Friday 09 January 2009   

  Home > News > Human Rights League Denounces Prison Abuses  

 

Human Rights League Denounces Prison Abuses

The Mozambican Human Rights League (LDH) has called for an urgent "integrated and multi-sector methodology" to eradicate or diminish the problems affecting the country's prisons.

LDH lawyer Nadja Gomes warned on Wednesday that the way in which the justice sector operates, and particularly the prisons, has led society to distrust the administration of justice.

Speaking at a Maputo round table on the prison system, Gomes said that the LDH has noted, in its systematic visits to prisons, that human rights are regularly violated.
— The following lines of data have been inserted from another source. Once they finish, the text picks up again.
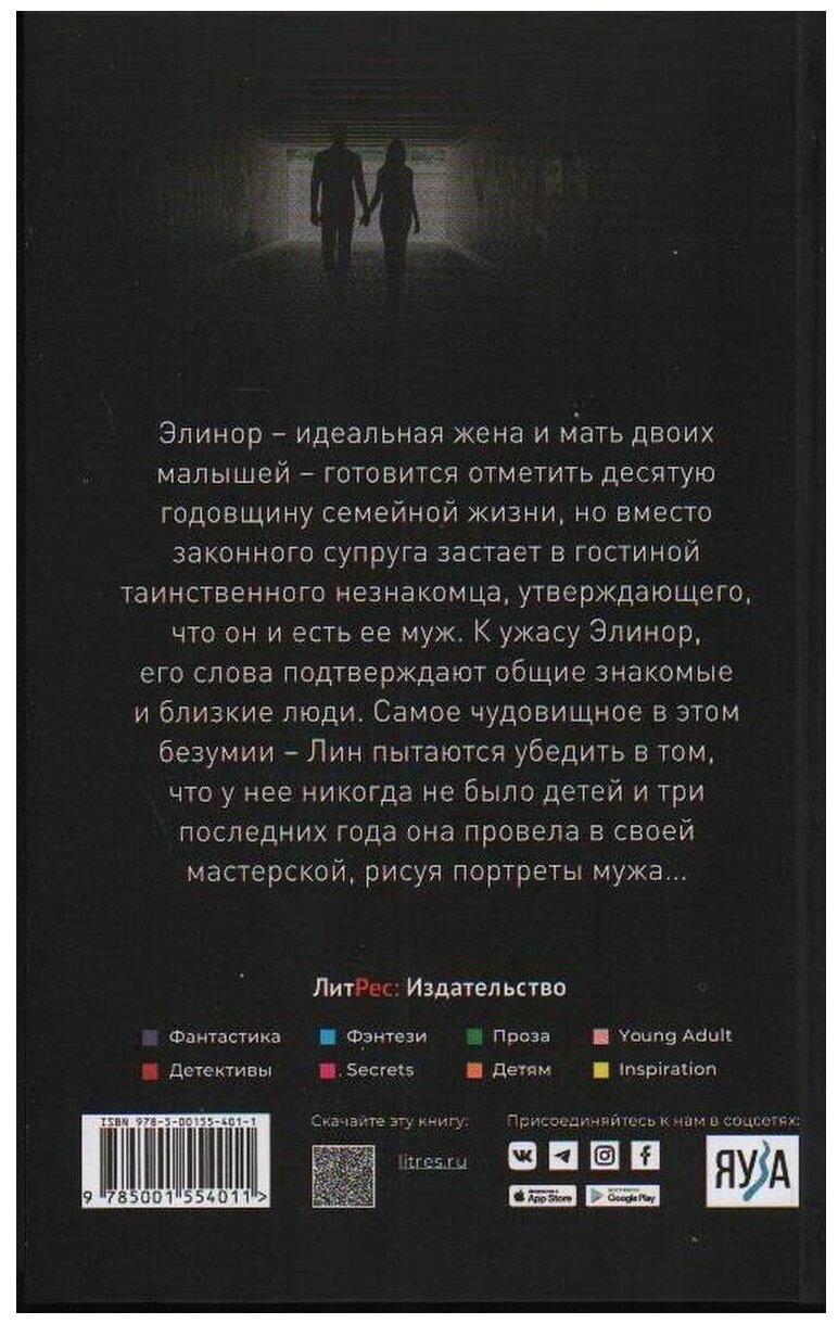 Элинор - идеальная жена и мать двоих малышей - готовится отметить десятую годовщину семейной жизни, но вместо законного супруга застает в гостиной таинственного незнакомца, утверждающего, что он и есть ее муж. К ужасу Элинор, его слова подтверждают общие знакомые и близкие люди. Самое чудовищное в этом безумии - Эль пытаются убедить в том, что у нее никогда не было детей и три последних года она провела в своей мастерской, рисуя портреты мужа...
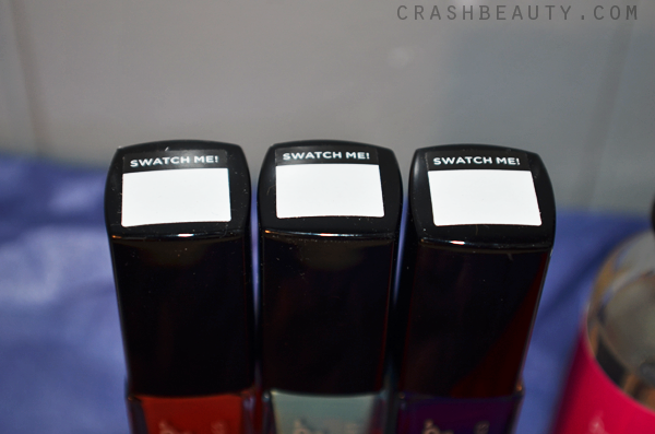 It was cute, the little salt water taffy’s were a nice touch (and delicious). The polish colors were gorgeous, opaque and perfect together, amazing nautical colors. I also love that they have the swatch me stickers on the top of each lid though I found it a little amusing since it’s on the lid with the brush. I used a q-tip to swatch them.
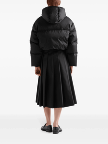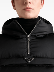 Stay warm and stylish with the Prada Re-Nylon cropped jacket. Made with recycled nylon and padded with goose down, this quilted jacket boasts a high neck and classic hood for added comfort. The half front zip fastening and drawstring hem add functionality while the enamel triangle logo adds a touch of branding.
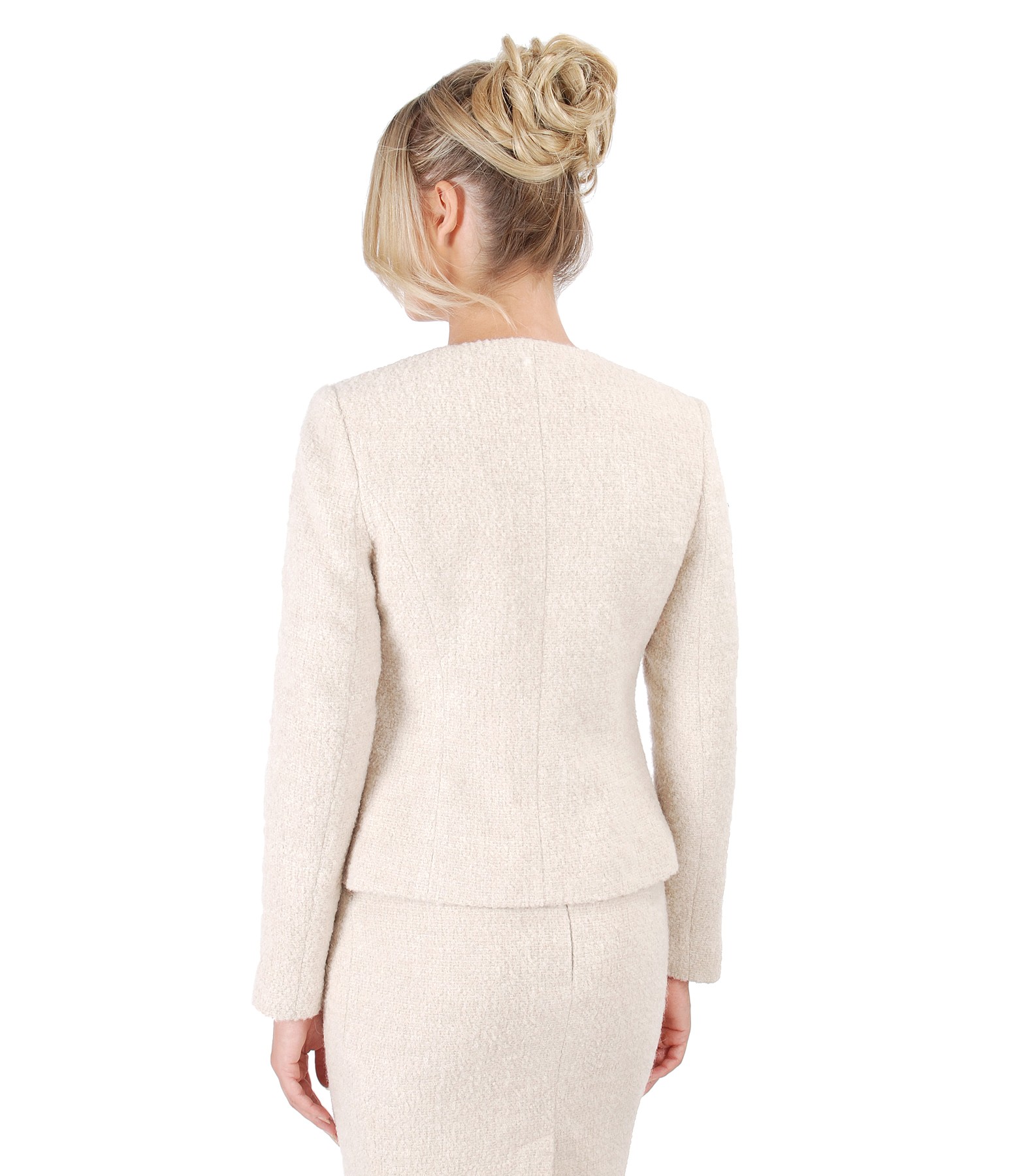 Sacou elegant din bucle cu lana si alpaca (Bej), marimea
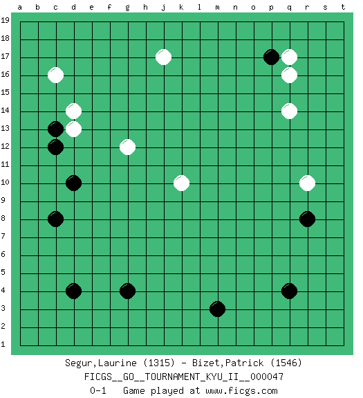 Last move : 0-1 2013 July 5 22:42:52 [Event "FICGS__GO__TOURNAMENT_KYU_II__000047"] [Site "FICGS"] [Date "2013.05.11"] [Round "1"] [Black "Segur,Laurine"] [White "Bizet,Patrick"] [Result "0-1"] [Rating 1 "1315"] [Rating 2 "1546"] 1.d4 q16 2.q4 c16 3.c8 j17 4.m3 r10 5.r8 q14 6.c12 d13 7.c13 d14 8.d10 g12 9.g4 k10 10.p17 q17 0-1 Here are the names of the openings (joseki) played in the four corners : Player White won this Go (weiqi, baduk) game. Follow this game move after move (download)Only amateurs try to come up with fancy moves. (Anonymous) All war is based on deception. (Sun Tzu)
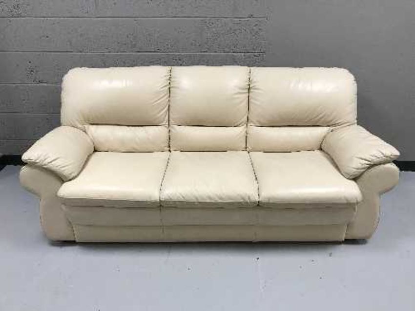 A cream leather three seater settee
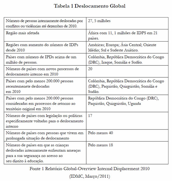 O monitoramento do IDCM, em escala mundial, permite avaliar a situação vivida atualmente por milhares de pessoas nos continentes americano, africano, asiático e europeu. Definidas como IDP –Internally Displaced Persons– protagonizam um deslocamento territorial coercitivo ou involuntário dentro das fronteiras nacionais. Em termos de países, os casos mais recentes são Libia e Afeganistão. No primeiro caso, entre os efeitos das rebeliões populares no norte da Àfrica em prol de reformas democráticas, ocorre desde fevereiro de 2011 o deslocamento forçado de mais de 106.000 pessoas provenientes, em sua maioria, das regiões de Benghazy, Ajdabiya e Tubruq. Já o Afeganistão possui aproximadamente 1,2% de sua população (352.000 pessoas) vivendo em situação de deslocamento forçado desde 2001. As causas vão dos conflitos armados e a violência generalizada às violações de direitos humanos. Na tabela abaixo é possível constatar em números o impacto global dessa realidade:

The abuses detected included the torture of prisoners, appalling hygiene conditions, inadequate diet (and sometimes a total lack of food), disrespect for the legal time limits on preventive detention, and the general slowness with which cases are treated.

These problems are linked to the overcrowding in the country's jails, and Gomes warned that they are getting worse.

She noted that prisons habitually contain three times the number of prisoners they were built for.

One example cited by Gomes was the provincial prison in the southern city of Inhambane. It was designed to hold 75 inmates, but earlier this year 290 prisoners were incarcerated there.

As for the Maputo Central Prison, the largest in the country, it should hold no more than 800 inmates. At the time of the last LDH visit, 2,861 people were being held there.

The overcrowding is so bad, said Gomes, that sometimes prisoners sleep in bathrooms, or standing up, or establish a shift system for sleeping.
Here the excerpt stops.